In the last assignment, you implemented the ALU control and incorporated it into the DINO CPU to test some bare-metal R-type RISC-V instructions. In this assignment, you will implement the main control unit and update the ALU control unit. After implementing the individual components and successfully passing all individual component tests, you will combine these along with the other CPU components to complete the single-cycle DINO CPU. The simple in-order CPU design is based closely on the CPU model in Patterson and Hennessy’s Computer Organization and Design.

Updating the DINO CPU code

The DINO CPU code must be updated before you can run each lab. You should read up on how to update your code to get the assignment 2 template from GitHub. We have made the following changes:

You can check out the master branch to get the template code for this lab. If you want to use your solution from lab1 as a starting point, you can merge your commits with the origin master by running git pull or git fetch; git merge origin/master.

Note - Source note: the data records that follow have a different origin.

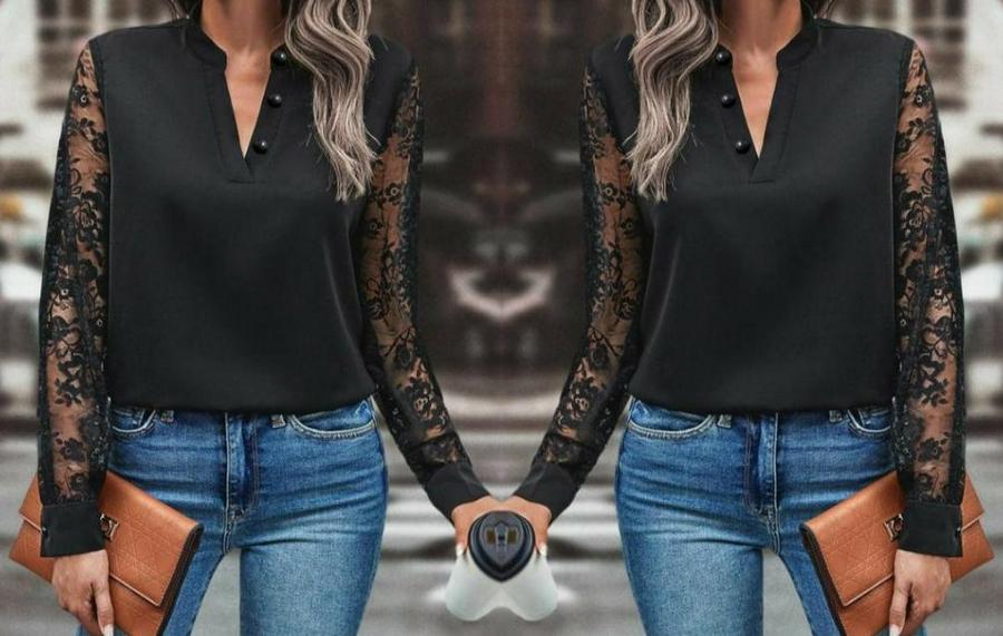 AnasayfaTüm ÜrünlerÜst GiyimBluz & TunikBluzUzun Kollu Kolları Dantelli Hakim Yaka Krep Bluz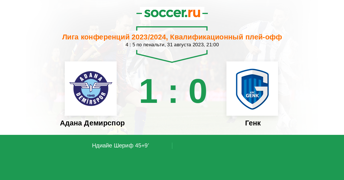 Протокол матча Адана Демирспор против Генк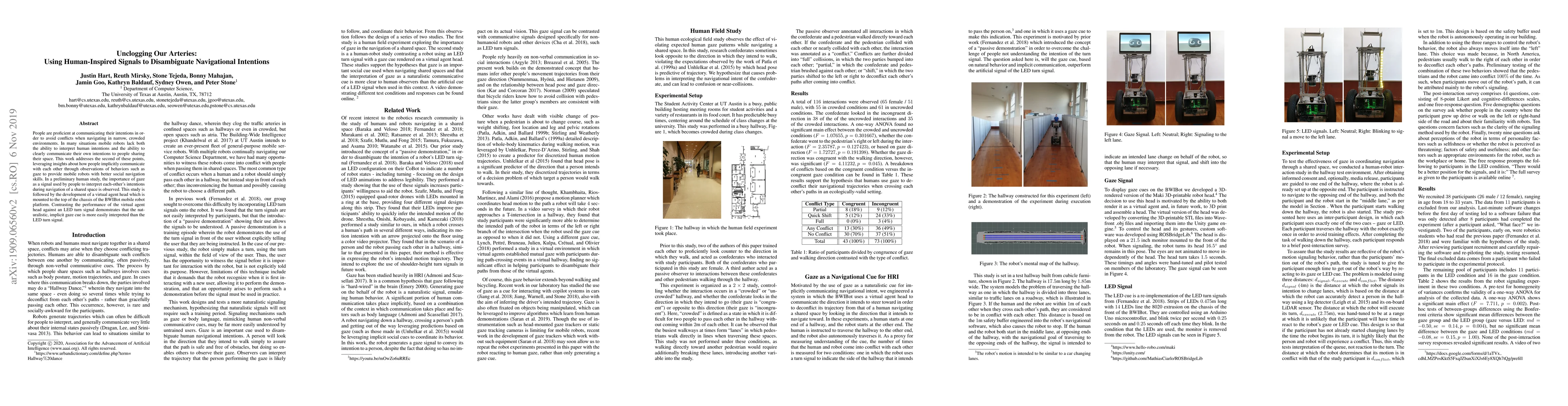 This research explores how human-inspired signals, particularly gaze, can help mobile robots better communicate their navigational intentions in crowded environments. Preliminary human studies show that gaze is a significant implicit signal for interpreting human intentions, leading to the development of a virtual agent head on a robot that outperforms an LED signal in clarity of communication.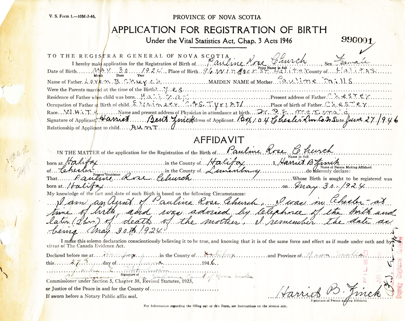 Signature of Applicant Harriet Bent Zinck Address of Applicant Box 104, Chester, Lunenburg Co., NS Date 27 June 1946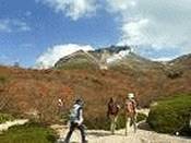 空気も澄んで、はるかに那須の山々がはっきり見ることが出来ます。その山々はすっかり色付き、紅葉も山頂から始まっています。冬に向かい葉を落とす植物(落葉樹)が紅葉しますが、それは、気温が低下するとエネルギー生産のための光合成ができなくなり、葉を維持するエネルギー(消費エネルギー)が生産できるエネルギーを上回るためと、氷結による温度低下や壊死などを防ぐために葉を落とすようです。低温にならない地域では、常緑樹が生え、また針葉樹は表面積を減らして温度低下を乗りきります。そして、落葉するなら光合成はしなくていいので、光合成色素であるクロロフィル(緑色)を分解し、残ったカロテンやキサントフィルなどの色素が葉を黄色にします。さらに植物は、葉を落とすための準備を始めます。葉柄の付け根にコルク質の離層という組織がつくられ、物質の行き来はここで妨げられて、葉の中の物質は茎に移動できなくなり、光合成で生産された糖は葉に留まることになります。紅葉する葉では、この糖から赤い色素アントシアニンができて葉が赤くなり、やがて離層のところで切り離されて落葉します。寒さの中を生き抜く植物の工夫が紅葉なのです。
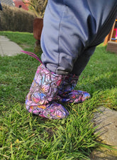 Střih na dětské capáčky do nosítka, na lezení v trávě nebo na pískoviště. Jsou dost široké, aby se dali použít i jako návlek na botičky, pokud nosíte střídavě a bojíte se, že by nožičky mohly být pak studené a dítě se nachladilo. Capáčky si ušijete zimního softshellu, podšijete slabší silnějšího fleecu nebo beránku. Použít můžete ale i jiné materiály než softshell. Například vařenou vlnou nebo jiné silnější materiály, které pomohou udržet nepropustnost.
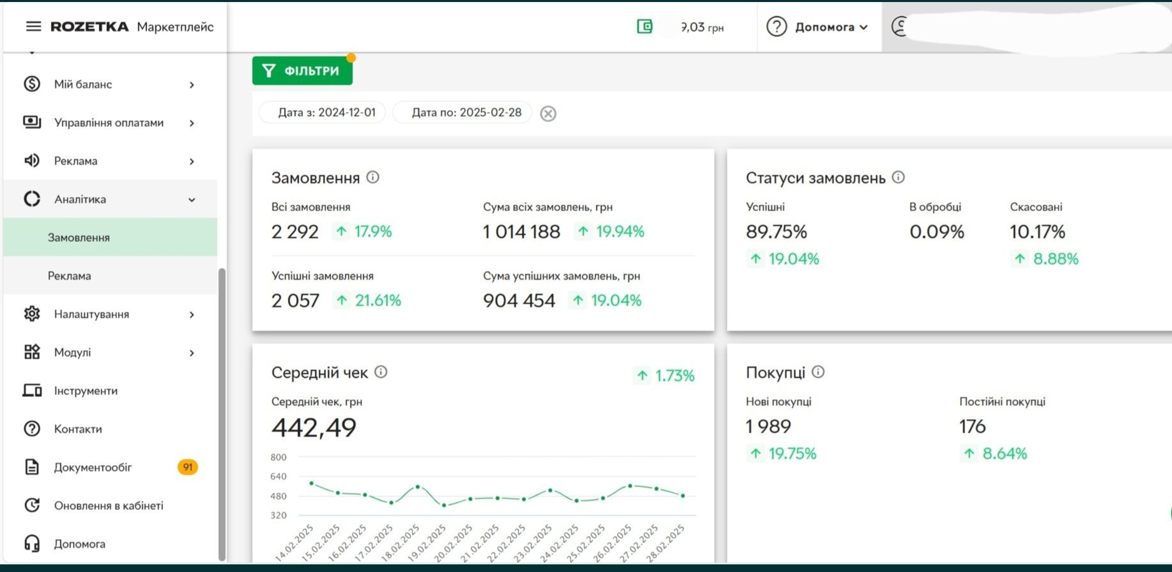 1. Действующий магазин на Rozetka с высоким рейтингом (5.0) и стабильным потоком заказов — около 800 заказов в месяц и более 1000 положительных отзывов.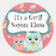 Whimsical Cute Fun Swirl Owl Baby Shower Stickers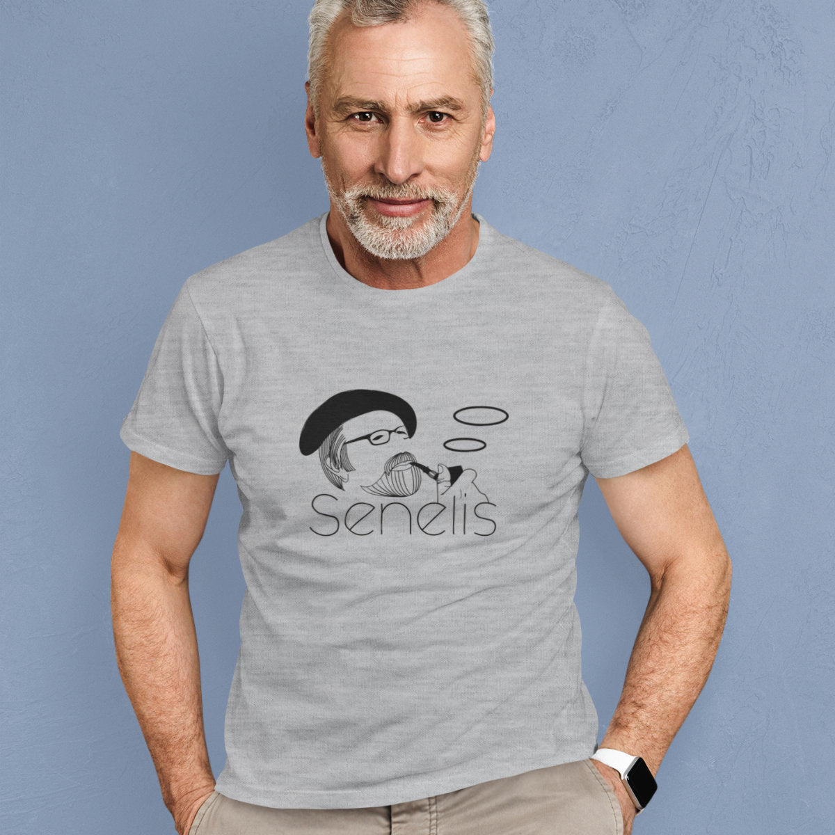 Pilki melanžiniai marškinėliai su užrašu "Senelis su pypke"

If you want to start over and use the provided solution, you can do the following (see how to update your code for more details):

git clone https://github.com/jlpteaching/dinocpu-sq20
cd dinocpu-sq20
git merge origin/lab1-solution

How this assignment is written

The goal of this assignment is to implement a single-cycle RISC-V CPU which can execute all of the RISC-V integer instructions. Through the rest of this assignment, Part I through Part X, you will implement all of the RISC-V instructions, step by step.

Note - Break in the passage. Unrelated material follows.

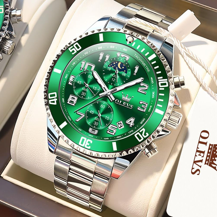 OLEVS Watch Men:This men's chronograph watch combines modern style and premium craftsmanship, featuring a striking green dial and hands that complement the sleek stainless steel case and bracelet.Wear this watch and turn heads wherever you go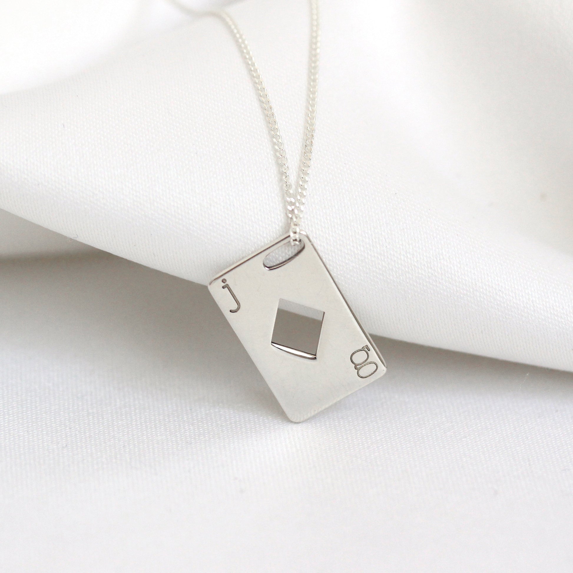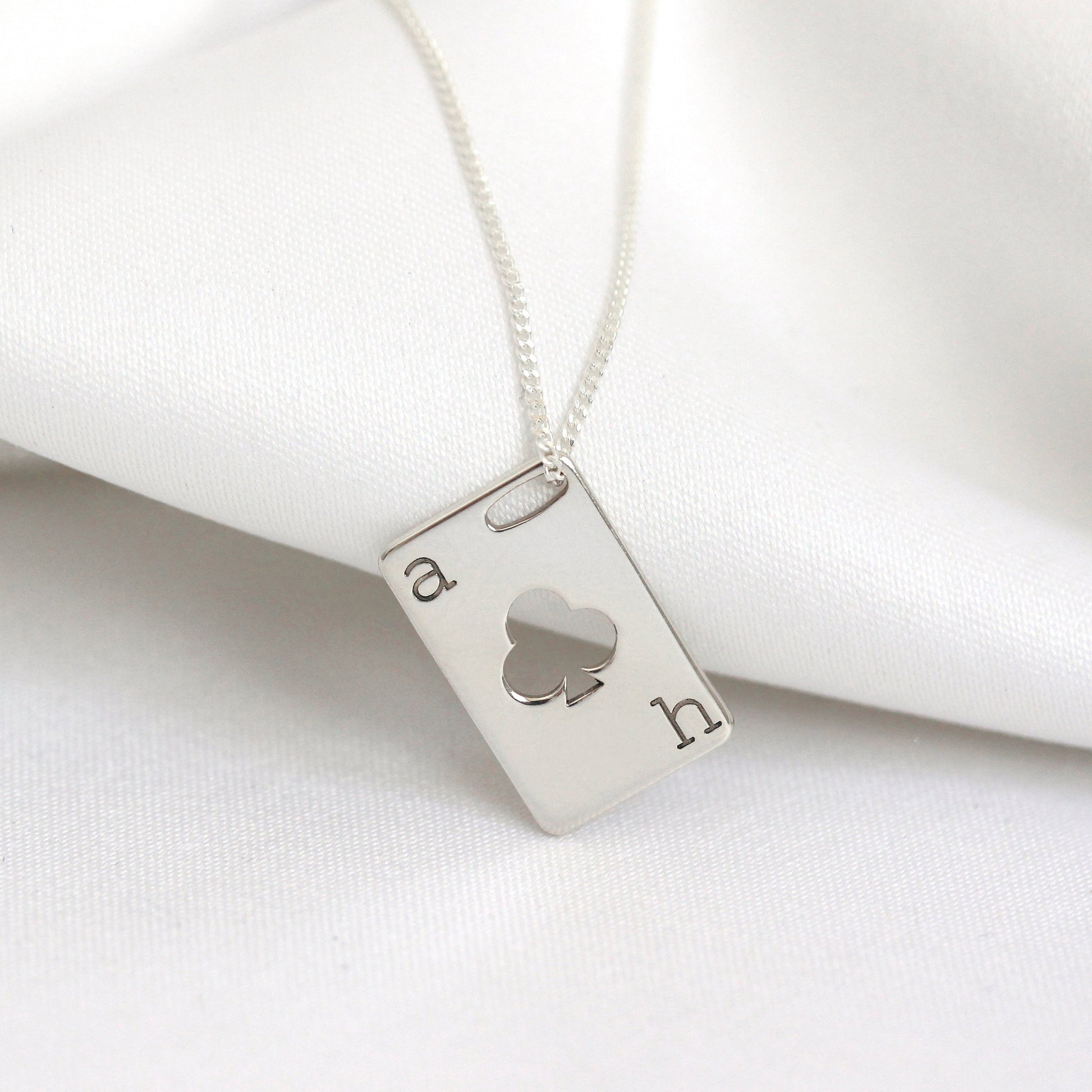 Collier personnalisé en argent sterling avec initiales de carte à jouer

If you prefer, you can simply skip to the end and implement all of the instructions at once, then run all of the tests for this assignment via the following command. You will also use this command to test everything once you believe you’re done.

sbt:dinocpu> test

We are making one major constraint on how you are implementing your CPU. You cannot modify the I/O for any module. We will be testing your control unit with our data path, and our data path with your control unit. Therefore, you must keep the exact same I/O. You will get errors on Gradescope (and thus no credit) if you modify the I/O.

Goals

Single cycle CPU design

Below is a diagram of the single cycle DINO CPU. This diagram includes all of the necessary data path wires and MUXes. However, it is missing the control path wires. This figure has all of the MUXes necessary, but does not show which control lines go to which MUX. Hint: the comments in the code for the control unit give some hints on how to wire the design.

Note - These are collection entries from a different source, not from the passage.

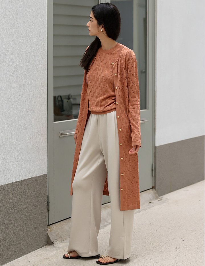 아가일 패턴이 특징인 아이템으로 너무 핏하지 않고, 스탠다드하게 떨어져 라인을 잡아주는 가디건원피스입니다.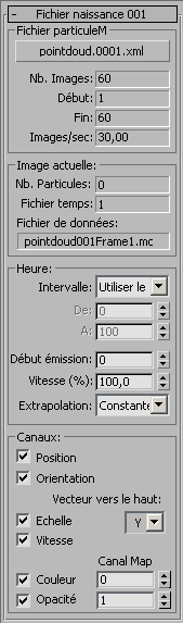 Cette zone contient un bouton qui affiche le nom du fichier de nuages de points au format XML qui définit les paramètres d'origine des particules. Pour sélectionner un autre fichier, cliquez sur le bouton, puis utilisez la boîte de dialogue de sélection de fichier qui apparaît. Cette zone contient également des données de base, en lecture seule, sur le fichier de particules, notamment le nombre total d'images, les heures de début et de fin, et la fréquence d'images de l'animation.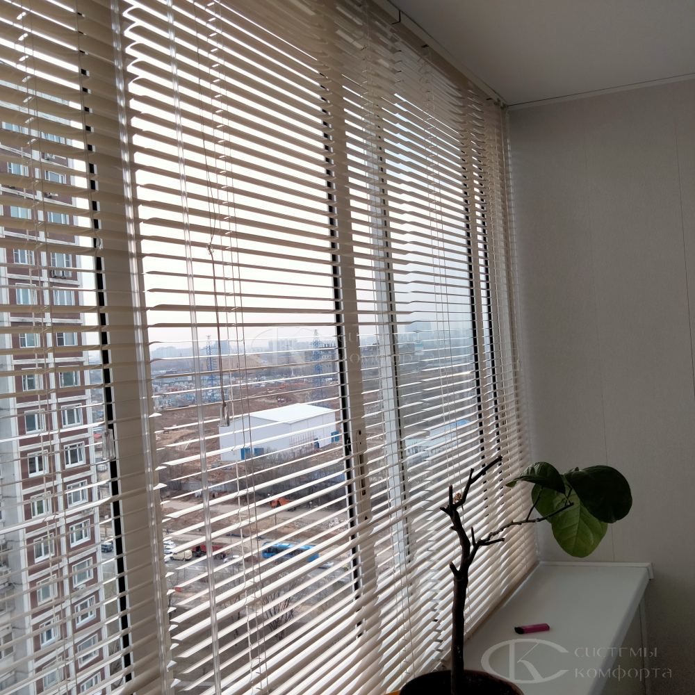 На маркетплейсах продают изделия с фиксированными размерами по ширине и высоте, с ограниченным выбором цветов и фактур, а также – не продаются практичные перфорированные ламели и с шириной ленты 50 мм, которые намного дешевле деревянных, но при этом очень солидно смотрятся в доме или в офисе.

In this assignment, you will be implementing the data path shown in the figure below, implementing the control path for the DINO CPU, and wiring up the control path. You can extend your work from Lab 1, or you can take the updated code from GitHub. You will be implementing everything in the diagram in Chisel (the cpu.scala file only implements the R-type instructions), which includes the code for the MUXes. Then, you will wire all of the components together. You will also implement the control unit and update the alu control unit.

Single cycle DINO CPU without control wires

Control unit overview

In this part, you will be implementing the main control unit in the CPU design. The control unit is used to determine how to set the control lines for the functional units and the the multiplexers.

The control unit takes a single input, which is the 7-bit opcode. From that input, it generates the 13 control signals listed below as output.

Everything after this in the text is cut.